ORIGINS OF THE NAVAL TOWN NICKNAMES FOR PORTSMOUTH, CHATHAM AND DEVONPORT

PORTSMOUTH - “POMPEY”

• Bombay was part of the wedding gift of Catherine of Braganza to Charles II. Portuguese seaman saw a resemblance between the two ports and may have called Portsmouth “Bom Bhia” which to English ears sounds like Pompey.

• Dame Agnes Weston was describing the murder of the Roman general Pompey at a lecture to a naval audience. A member of the audience exclaimed “Poor old Pompey!” and this phrase stuck.

• A drunkard’s slurred pronunciation of Portsmouth Point (where there are many taverns popular with sailors)

• Ships entering Portsmouth harbour make an entry in the ship’s log Pom. P. as a reference to Portsmouth Point (this being to long). Navigational charts also use this abbreviation.

La Pompee was a captured French ship moored in Portsmouth and used for accommodation. (Captured 1793 and broken up 1817). There is a Yorkshire term “pompey” for prison or house of correction.

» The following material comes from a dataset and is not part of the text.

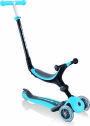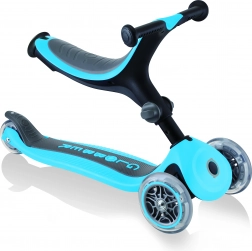 Koloběžka Globber Go Up skládací Plus je ideální pro děti od 15 měsíců do 7 let. Užijte si pohodlnou a bezpečnou jízdu díky odnímatelné opěrce nohou a měkkému sedadlu, které lze nastavit pomocí bočního knoflíku ve dvou výškách.

• Volunteer firemen in the eighteenth century (known as pompiers) exercised on Southsea Common.

• In 1781, some Portsmouth sailors climbed Pompey’s pillar near Alexandria and became known as the “Pompey boys”.

• The pomp and ceremony connected with the Royal Navy at Portsmouth led to the adoption of the nickname, “Pompey”.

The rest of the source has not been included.